__Exercise objective__: Take nothing but the lines from the one with "ଭୁବନେଶ୍ୱର, ୨୯।୮ (ବୁଧବେ)" through the one with "Una selección con" in the entries below, both ends kept, and return them exactly with pictures left out.
::: Information supplied :::
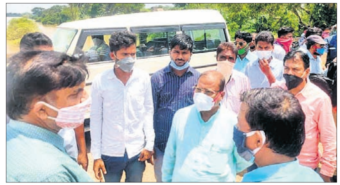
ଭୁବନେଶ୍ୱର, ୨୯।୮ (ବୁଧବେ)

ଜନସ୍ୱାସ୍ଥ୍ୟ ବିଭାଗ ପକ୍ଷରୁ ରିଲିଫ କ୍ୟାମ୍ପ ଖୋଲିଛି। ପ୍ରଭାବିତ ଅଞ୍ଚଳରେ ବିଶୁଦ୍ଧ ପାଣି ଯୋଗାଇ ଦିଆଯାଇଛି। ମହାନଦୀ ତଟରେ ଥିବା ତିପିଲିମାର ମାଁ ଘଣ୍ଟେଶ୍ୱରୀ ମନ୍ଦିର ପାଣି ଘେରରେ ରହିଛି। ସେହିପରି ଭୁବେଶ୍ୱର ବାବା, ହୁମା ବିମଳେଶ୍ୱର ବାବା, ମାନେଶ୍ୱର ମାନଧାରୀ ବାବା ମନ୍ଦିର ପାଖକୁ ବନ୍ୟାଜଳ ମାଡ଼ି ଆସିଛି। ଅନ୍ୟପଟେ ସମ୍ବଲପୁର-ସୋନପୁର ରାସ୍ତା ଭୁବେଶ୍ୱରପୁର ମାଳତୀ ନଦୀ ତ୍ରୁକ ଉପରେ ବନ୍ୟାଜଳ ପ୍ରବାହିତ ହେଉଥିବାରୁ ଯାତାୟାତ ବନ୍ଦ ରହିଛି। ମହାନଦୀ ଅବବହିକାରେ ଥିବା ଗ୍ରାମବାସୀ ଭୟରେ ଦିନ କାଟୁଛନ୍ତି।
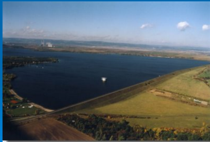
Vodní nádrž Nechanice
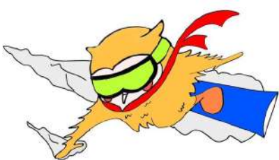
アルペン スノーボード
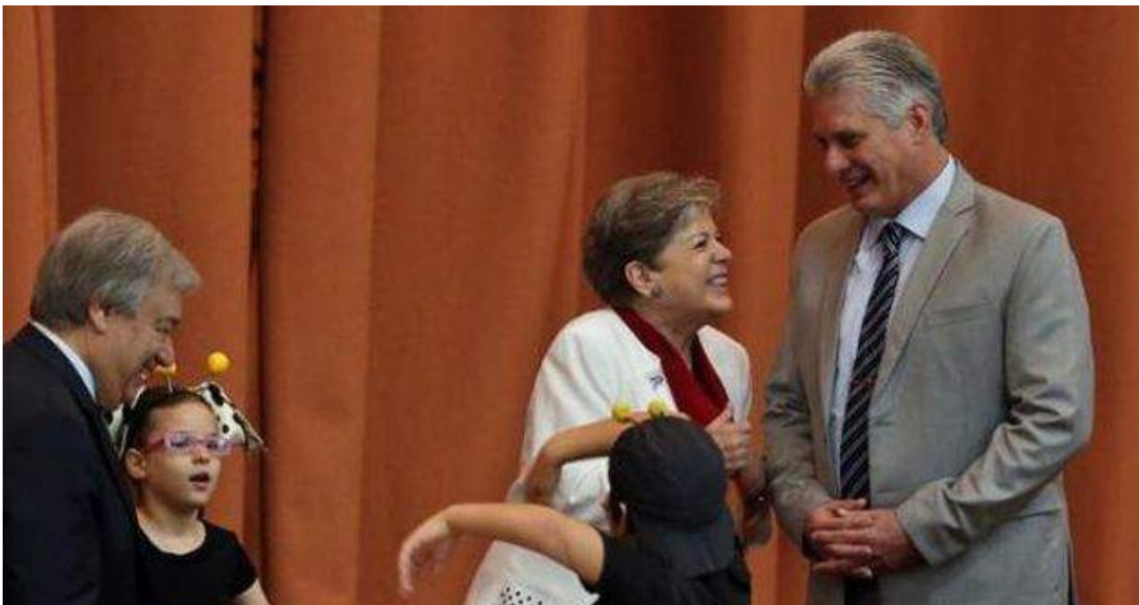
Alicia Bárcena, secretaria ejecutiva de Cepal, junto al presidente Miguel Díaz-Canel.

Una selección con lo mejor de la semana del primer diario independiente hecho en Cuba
:::
::: Information supplied :::
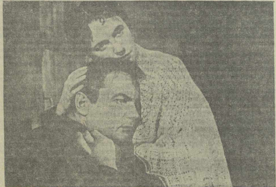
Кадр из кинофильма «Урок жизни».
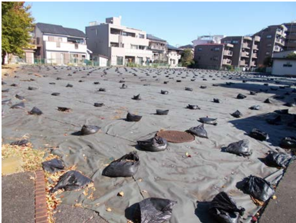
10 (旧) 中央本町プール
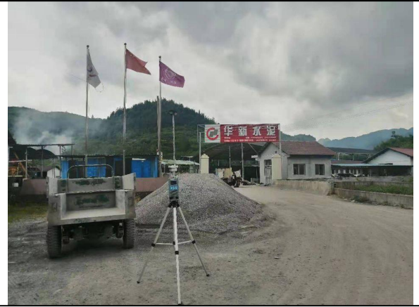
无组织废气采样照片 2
:::
__Expected answer__:
ଭୁବନେଶ୍ୱର, ୨୯।୮ (ବୁଧବେ)

ଜନସ୍ୱାସ୍ଥ୍ୟ ବିଭାଗ ପକ୍ଷରୁ ରିଲିଫ କ୍ୟାମ୍ପ ଖୋଲିଛି। ପ୍ରଭାବିତ ଅଞ୍ଚଳରେ ବିଶୁଦ୍ଧ ପାଣି ଯୋଗାଇ ଦିଆଯାଇଛି। ମହାନଦୀ ତଟରେ ଥିବା ତିପିଲିମାର ମାଁ ଘଣ୍ଟେଶ୍ୱରୀ ମନ୍ଦିର ପାଣି ଘେରରେ ରହିଛି। ସେହିପରି ଭୁବେଶ୍ୱର ବାବା, ହୁମା ବିମଳେଶ୍ୱର ବାବା, ମାନେଶ୍ୱର ମାନଧାରୀ ବାବା ମନ୍ଦିର ପାଖକୁ ବନ୍ୟାଜଳ ମାଡ଼ି ଆସିଛି। ଅନ୍ୟପଟେ ସମ୍ବଲପୁର-ସୋନପୁର ରାସ୍ତା ଭୁବେଶ୍ୱରପୁର ମାଳତୀ ନଦୀ ତ୍ରୁକ ଉପରେ ବନ୍ୟାଜଳ ପ୍ରବାହିତ ହେଉଥିବାରୁ ଯାତାୟାତ ବନ୍ଦ ରହିଛି। ମହାନଦୀ ଅବବହିକାରେ ଥିବା ଗ୍ରାମବାସୀ ଭୟରେ ଦିନ କାଟୁଛନ୍ତି।
Vodní nádrž Nechanice
アルペン スノーボード
Alicia Bárcena, secretaria ejecutiva de Cepal, junto al presidente Miguel Díaz-Canel.

Una selección con lo mejor de la semana del primer diario independiente hecho en Cuba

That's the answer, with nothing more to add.